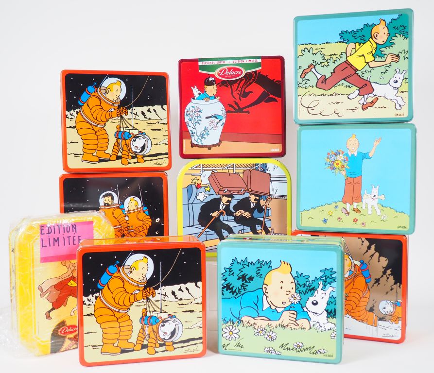 Lot de 10 boites métal diverses DELACRE TBE UNE MAUVAIS ETAT au prix de 40 à 50 € en vente aux enchères par l'hôtel des ventes Primardeco
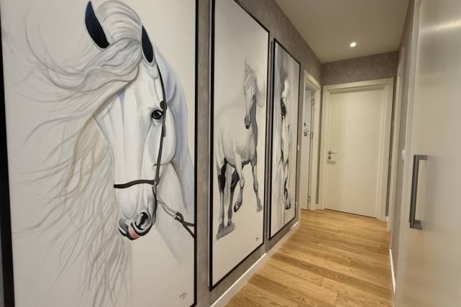 Stan se sastoji od ulaznog hodnika, prostranog dnevnog boravka sa izlazom na terasu, trpezarije i potpuno opremljene kuhinje, dve master spavaće sobe sa sopstvenim kupatilima, dečije spavaće sobe, odvojena soba pretvorene u garderober, dodatnog kupatila, gostinskog toaleta i vešernice.
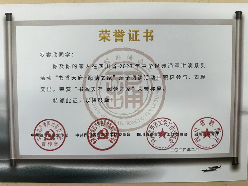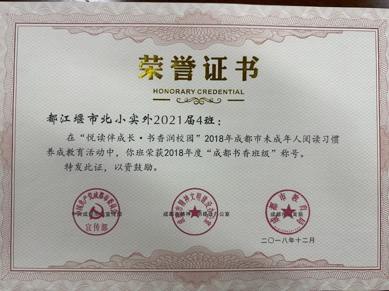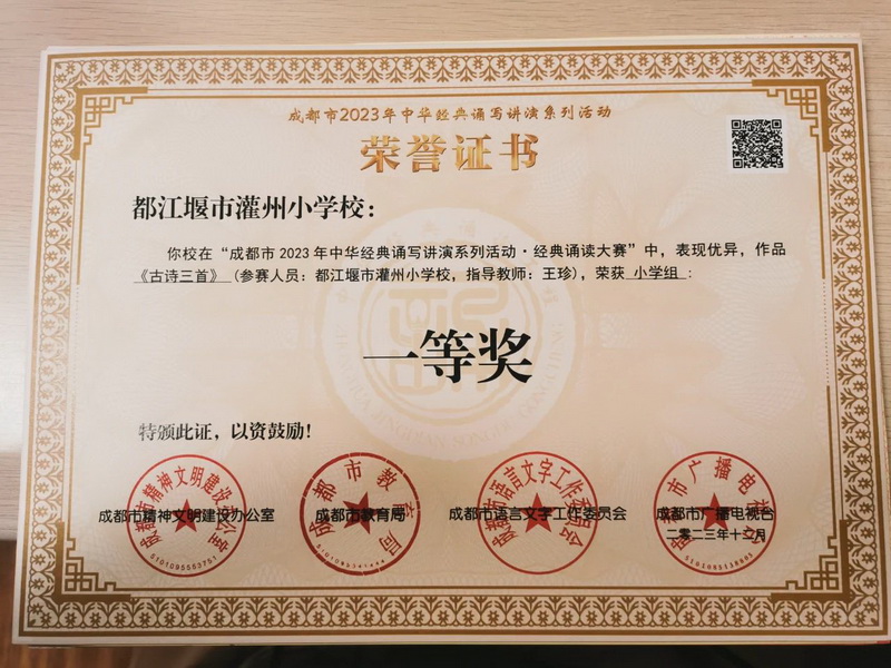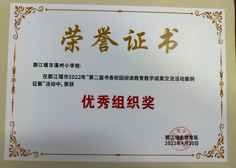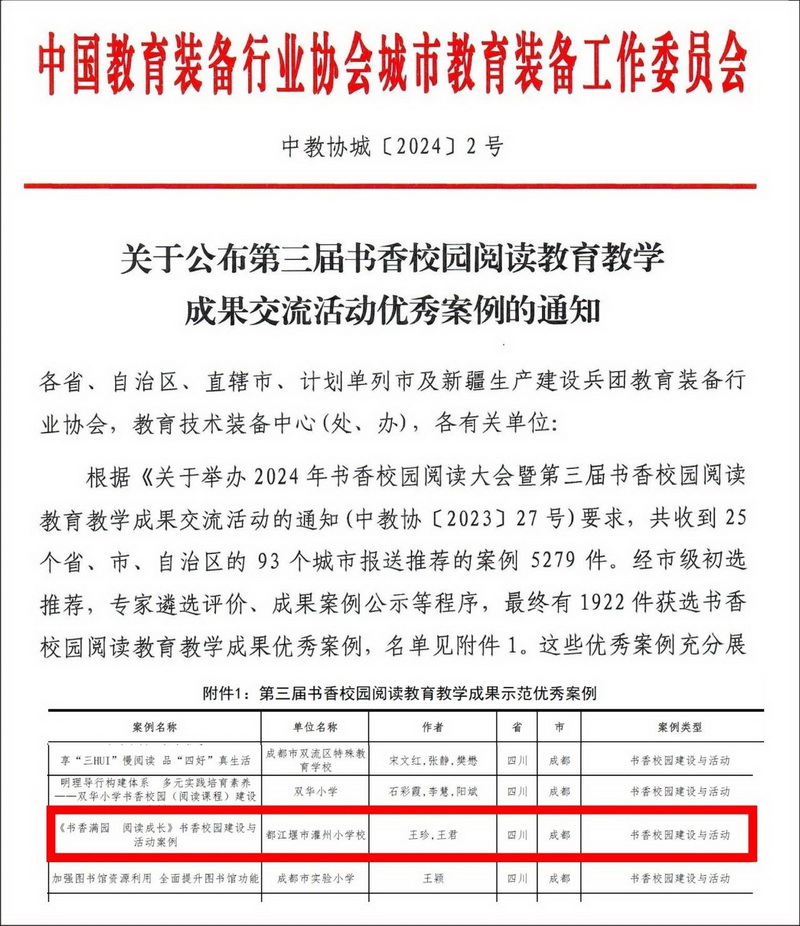 2023年全国第三届书香校园阅读教育教学成果案例评选活动中,我校书香校园建设与活动案例《书香满园 阅读成长》经成都市级初选推荐,专家遴选评价、成果案例公示等程序,最终被评选为全国示范优秀案例。

__WHAT IS REQUIRED__.
What you return should be the whole listing, word for word, without its pictures.

__ANSWER AREA__.
 Lot de 10 boites métal diverses DELACRE TBE UNE MAUVAIS ETAT au prix de 40 à 50 € en vente aux enchères par l'hôtel des ventes Primardeco
 Stan se sastoji od ulaznog hodnika, prostranog dnevnog boravka sa izlazom na terasu, trpezarije i potpuno opremljene kuhinje, dve master spavaće sobe sa sopstvenim kupatilima, dečije spavaće sobe, odvojena soba pretvorene u garderober, dodatnog kupatila, gostinskog toaleta i vešernice.
 2023年全国第三届书香校园阅读教育教学成果案例评选活动中,我校书香校园建设与活动案例《书香满园 阅读成长》经成都市级初选推荐,专家遴选评价、成果案例公示等程序,最终被评选为全国示范优秀案例。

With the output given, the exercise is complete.